A Simple Fetch Execute Cycle

"Describe the fetch/execute cycle in a typical CPU system"

Introduction
Think of when you start your car!. To produce motion, the engine must go through four unique cycles: Intake Fuel / Compression / Ignition / Expel Exhaust .If this order were to altered or ignored, the engine would stop operations quite quickly.

The same may be said of a CPU. There are three ( or four ) stages which must occur for information to pulled across the address and data bus.

Fetch / Execute Cycle
Every computer system must retrieve and replace data through it's bus systems based on a carefully sequenced set of actions ( or "states" ) This process is called the fetch/execute cycle, and is fundamental to the operation of the computer system.

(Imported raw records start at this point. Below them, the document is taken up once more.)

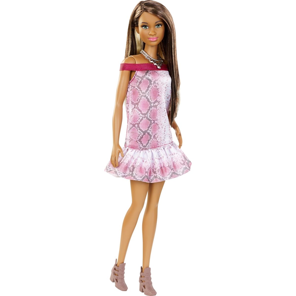 Barbie předvádí další ze svých slušivých modelů. Nová kolekce šatů přináší výběr z široké palety jedinečných kousků. Tentokrát má panenka šaty nad kolena, ukončené ve spodní části volánkem. Po odhalených ramenech jí splývají její dlouhé rovné vlasy.
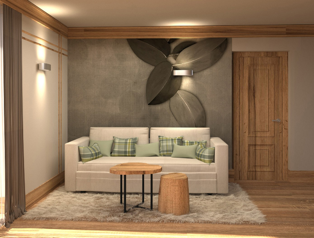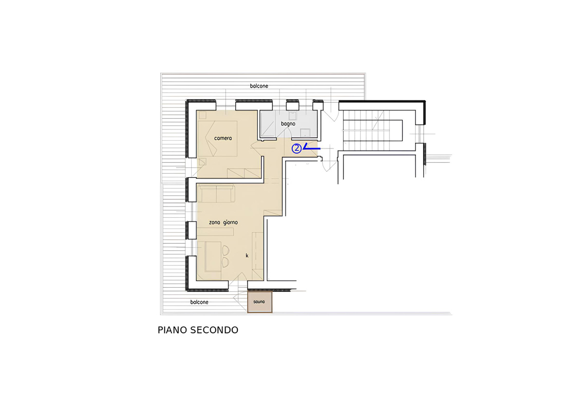 41 m² - 2 spálne s manželskou posteľou alebo 2 samostatnými lôžkami, obývacia izba s kuchynským kútom a rozkladacou pohovkou pre 2 osoby, sociálne zariadenie so sprchou, balkón s privátnou bio saunou; apartmán sa nachádza v podkroví
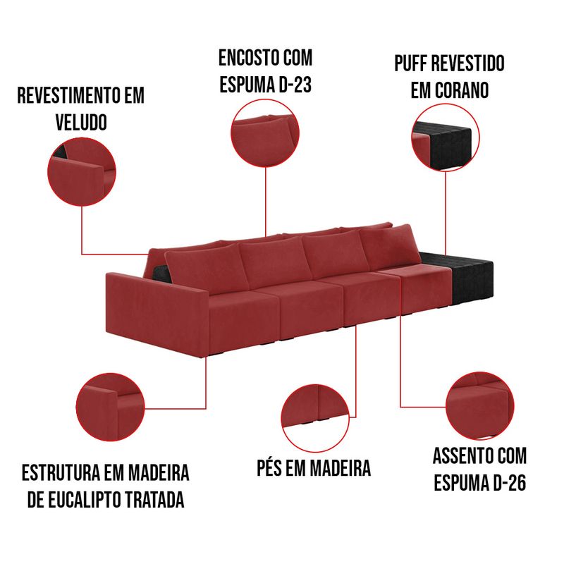 O Sofá Ilha 4 Lugares Living Lary de 512 cm é uma peça de destaque para qualquer ambiente, com um design moderno este sofá apresenta uma estrutura modular permitindo reorganizá-la criando um layout personalizado. Revestido no luxuoso tecido Veludo em um tom envolvente de Vermelho, proporcionando uma sensação de aconchego e sofisticação. Seu assento é fixo em espuma D-26 com multimolas de sustentação espiral e ensacadas, solda dupla, manta acrílica e percintas elásticas, suportando até 150 kg por assento. Já o encosto possui espuma D-23 sendo ele removível, com almofadas soltas preenchidas com 100% de fibra siliconada, proporcionando um apoio macio para as costas. Os pés são feitos em madeira certificando maior estabilidade ao móvel. Este sofá apresenta características de alta qualidade, incluindo uma estrutura de madeira tratada de eucalipto reflorestada, garantindo maior resistência e durabilidade ao produto, além de contribuir para a sustentabilidade ambiental. Com nove assentos no total, um deles revestido em tecido Sintético Pu Preto com detalhes em gomos feito com a técnica de costura pespontos, este sofá oferece espaço suficiente para acomodar confortavelmente até dez pessoas, tornando-o ideal para receber amigos e familiares com estilo e conforto. Pode ser utilizado em escritórios, restaurantes e demais ambientes corporativos.O Sofá Lary é a escolha perfeita para quem busca uma peça de mobiliário que une funcionalidade, conforto e estilo em uma única solução para o seu ambiente. Aproveite! Dimensões do Produto: Altura Total: 82 cm Largura Total: 512 cm Profundidade Total: 160 cm Peso: 216 kg Largura do Braço: 12 cm Largura do Assento: 110 cm Profundidade do Assento: Variável. Altera de acordo com a posição do encosto Outras Medidas: 1x Módulo Lateral com Braço: 122 x 82 x 160 cm 2x Módulo Central: 110 x 82 x 160 cm Largura do Puff: 60 x 45 x 160 cm Altura do chão ao Assento: 45 cm Altura do Encosto: 37 cm Especificações do Produto: Estrutura: Madeira de Reflorestamento Tratada (Eucalipto) Espuma do Encosto: D-23, ajustável Espuma do Assento: D-26 Molas Ensacadas e Espirais com Percintas/Manta Acrílica Revestimento: Veludo Possui Pés: Sim Tipo de Pés: Madeira Detalhes/Aplicações: Acompanha Almofadas Soltas 100% Fibras Siliconadas - Manta Acrílica Peso Suportado: Até 150 Kg por assento Quantidade de Assentos: 9 Assentos Quantidade de Lugares: Até 10 Lugares Tipo de Encosto: Móvel Tipo de Assento: Fixo É retrátil: Não É reclinável: Não Complexidade da Montagem: Baixo Diferenciais: Sofá modular, estilo ilha, pode ser aproveitado assentos em ambos os lados. Acompanha almofadas. Ideal para sala de estar, living e ambientes integrados Montagem: O produto é enviado montado, sendo necessário apenas a junção dos módulos. Garantia: 90 dias contra defeito de fabricação Instruções de Limpeza: Utilizar um pano limpo e levemente úmido Você irá Receber: 01 Sofá Entregue em: 05 Volumes

A READ operation uses three T-states :

T1: CPU puts the address on the address bus
T2: CPU Asserts the READ lead
T3: Data is put on the data bus ( by Memory or IO ) and is read into the CPU

For a WRITE operation also need three T-states::

T1: CPU puts the address on the address bus
T2: CPU puts data on the data bus and asserts write lead
T3: Device being accessed ( memory or IO ) accepts data

An INSTRUCTION FETCH ( where the CPU gathers and instruction from memory ) needs four T-states:

T1: CPU puts the address on the address bus
T2: CPU Asserts the READ lead
T3: Data is put on the data bus ( by Memory or IO ) and is read into the CPU
T4: Instruction is now inside the CPU and is interprated


Each one of these T-states occur for exactly one clock cycle, and the three or four states combined is called a "machine cycle".